For the data point $x_i$ and all the other clusters not containing $x_i$, caculate its average distance to all the other data points in the given clusters. Find the minimum distance value with respect to the given clusters.

***

Finally, *Silhouette Coefficient*: $ s(x_i) = \displaystyle\frac{b(x_i) - a(x_i)}{\max\{a(x_i), b(x_i)\}},\ -1 \leq s(x_i) \leq 1 $. Want $a(x_i) \lt b(x_i)$ and $a(x_i) \to 0$ so as to $s(x_i) \to 1$.

In [None]:
# Generate data.
# This particular setting has one distinct cluster and 3 clusters placed close together.
X, y = make_blobs(n_samples=500,
                  n_features=2,
                  centers=4,
                  cluster_std=1,
                  center_box=(-10.0, 10.0),
                  shuffle=True,
                  random_state=1)

# Plot the data distribution.
plt.scatter(X[:,0], X[:,1], c=y)

In [None]:
# List of number of clusters
range_n_clusters = [2, 3, 4, 5, 6]

# For each number of clusters, perform Silhouette analysis and visualize the results.
for n_clusters in range_n_clusters:

    # Perform k-means.
    kmeans = KMeans(n_clusters=n_clusters, random_state=10)
    y_pred = kmeans.fit_predict(X)

    # Compute the cluster homogeneity and completeness.
    homogeneity = metrics.homogeneity_score(y, y_pred)
    completeness = metrics.completeness_score(y, y_pred)

    # Compute the Silhouette Coefficient for each sample.
    s = metrics.silhouette_samples(X, y_pred)

    # Compute the mean Silhouette Coefficient of all data points.
    s_mean = metrics.silhouette_score(X, y_pred)

    # For plot configuration -----------------------------------------------------------------------------------
    fig, (ax1, ax2) = plt.subplots(1, 2)
    fig.set_size_inches(18, 7)

    # Configure plot.
    plt.suptitle('Silhouette analysis for K-Means clustering with n_clusters: {}'.format(n_clusters),
                 fontsize=14, fontweight='bold')

    # Configure 1st subplot.
    ax1.set_title('Silhouette Coefficient for each sample')
    ax1.set_xlabel("The silhouette coefficient values")
    ax1.set_ylabel("Cluster label")
    ax1.set_xlim([-1, 1])
    ax1.set_ylim([0, len(X) + (n_clusters + 1) * 10])

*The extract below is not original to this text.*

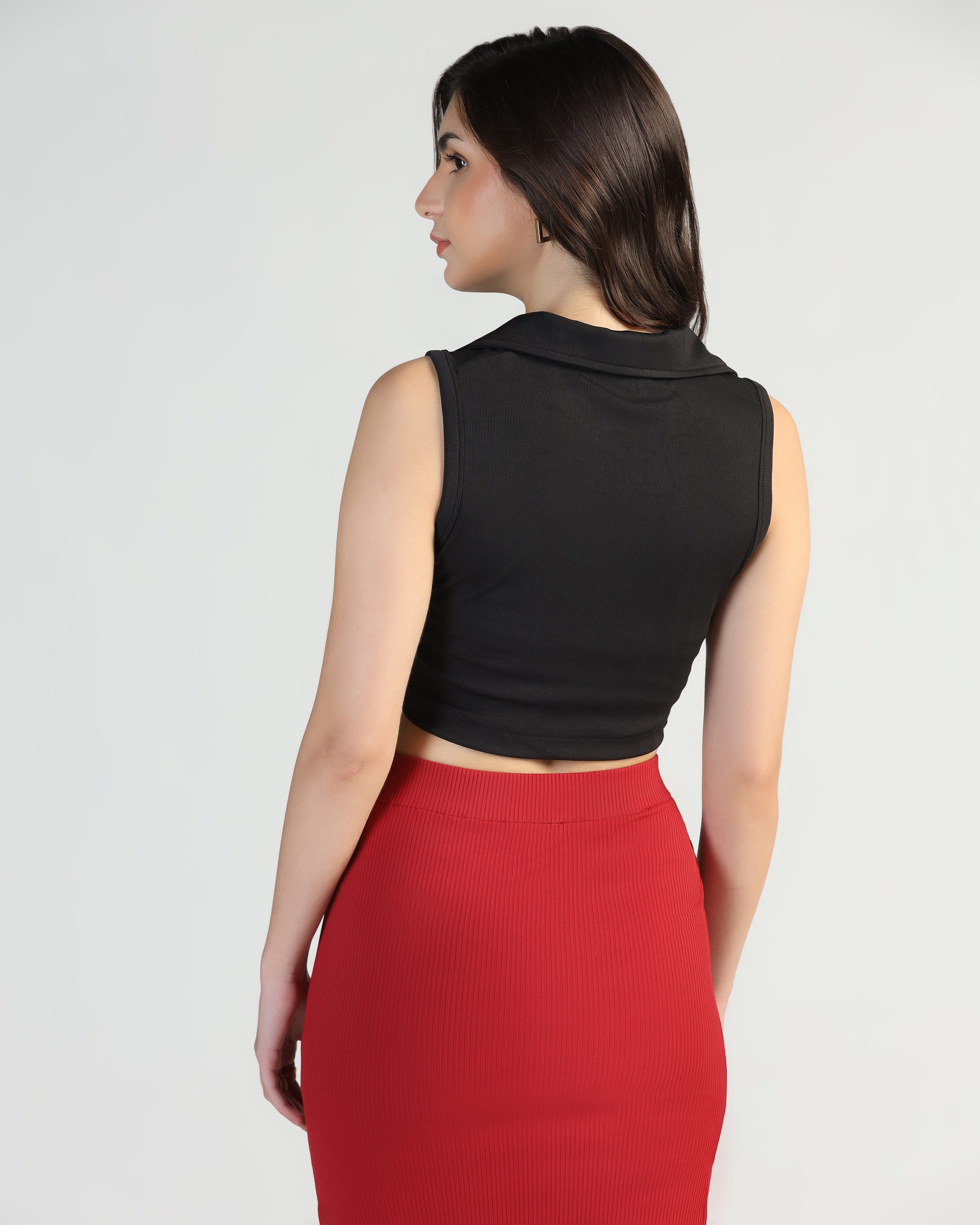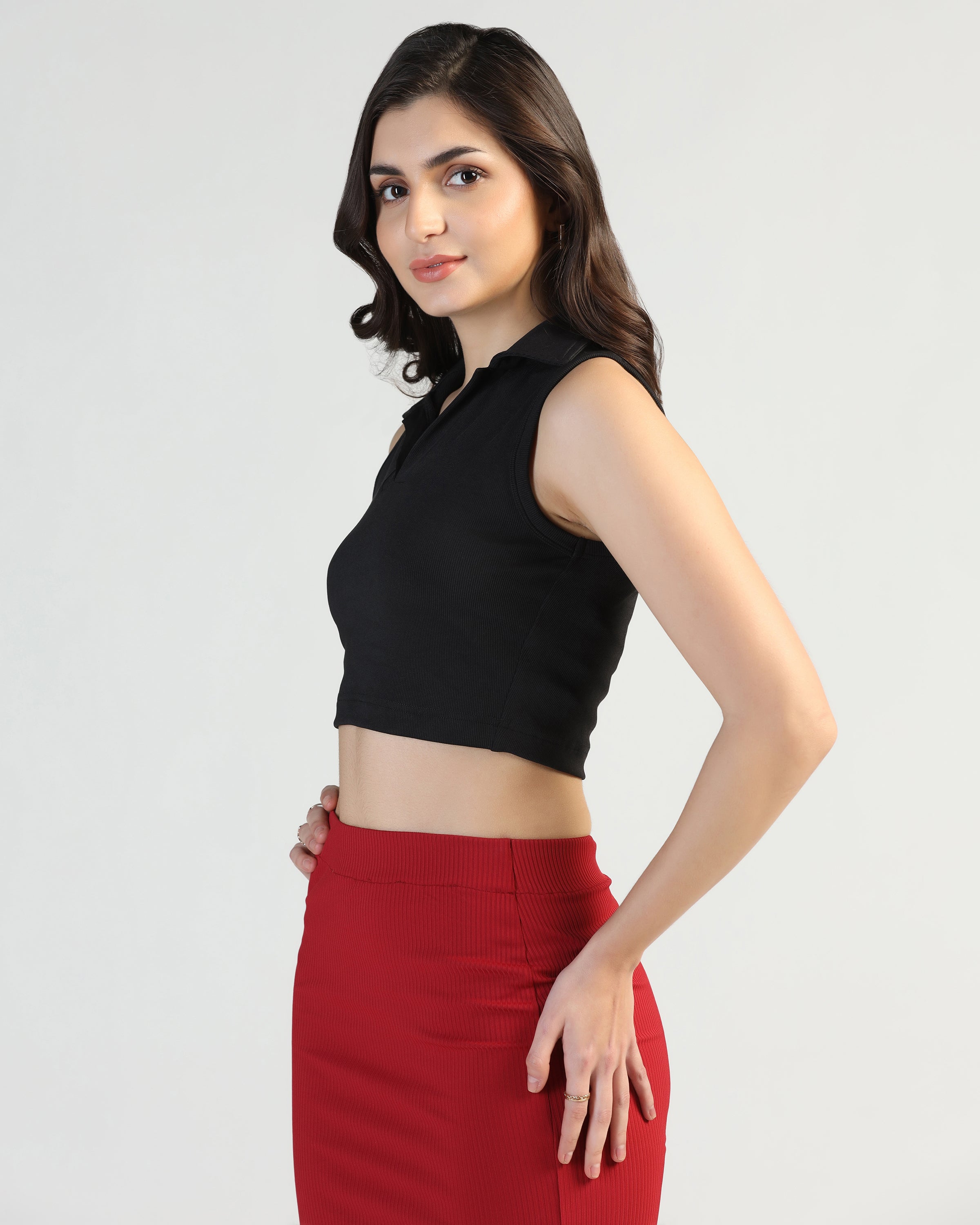 Trendy Design: Sleeveless ribbed crop top with round neck for a chic and modern look.

    # Configure 2st subplot.
    ax2.set_title('Homogeneity: {}, Completeness: {}, Mean Silhouette score: {}'.format(homogeneity,
                                                                                        completeness,
                                                                                        s_mean))
    ax2.set_xlabel("Feature space for the 1st feature")
    ax2.set_ylabel("Feature space for the 2nd feature")

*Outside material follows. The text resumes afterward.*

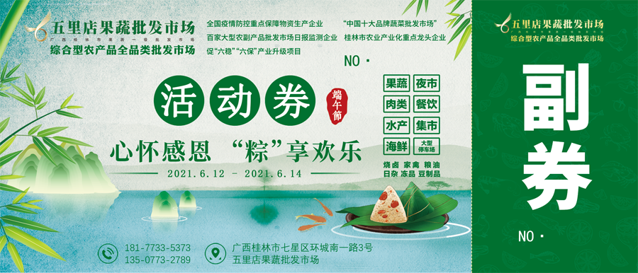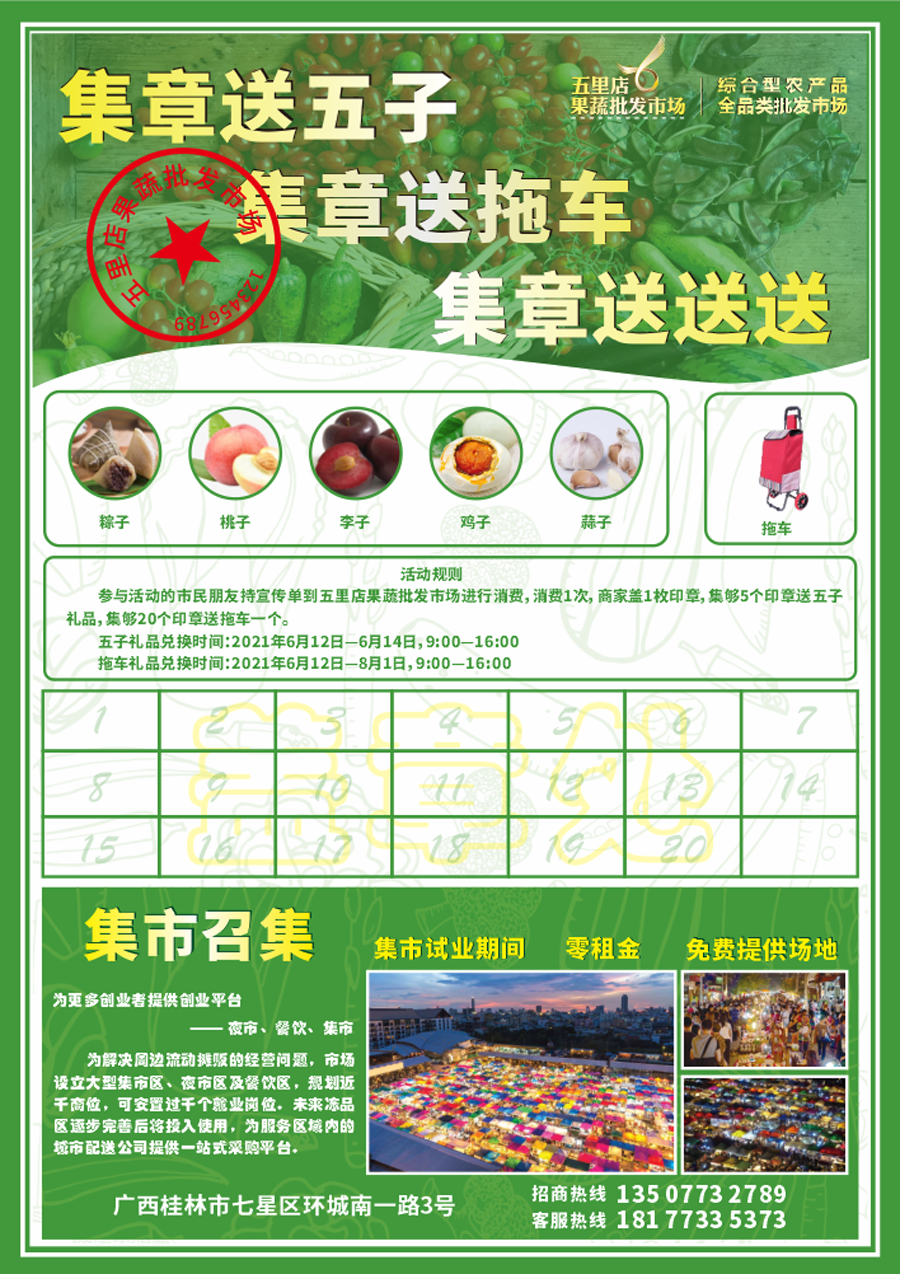 五里店果蔬批發(fā)市場(chǎng)——綜合型農(nóng)產(chǎn)品全品類批發(fā)市場(chǎng)期間試業(yè)歡迎廣大市民朋友前來市場(chǎng)消費(fèi),完成相應(yīng)集章數(shù)量,即可獲端午佳節(jié)五子好禮以及非常實(shí)用美觀的購(gòu)物拖車。

    # For 1st subplot ------------------------------------------------------------------------------------------

    # Plot Silhouette Coefficient for each sample
    cmap = cm.get_cmap("Spectral")
    y_lower = 10
    for i in range(n_clusters):
        ith_s = s[y_pred == i]
        ith_s.sort()
        size_cluster_i = ith_s.shape[0]
        y_upper = y_lower + size_cluster_i
        color = cmap(float(i) / n_clusters)
        ax1.fill_betweenx(np.arange(y_lower, y_upper), 0, ith_s,
                          facecolor=color, edgecolor=color, alpha=0.7)
        ax1.text(-0.05, y_lower + 0.5 * size_cluster_i, str(i))
        y_lower = y_upper + 10

    # Plot the mean Silhouette Coefficient using red vertical dash line.
    ax1.axvline(x=s_mean, color="red", linestyle="--")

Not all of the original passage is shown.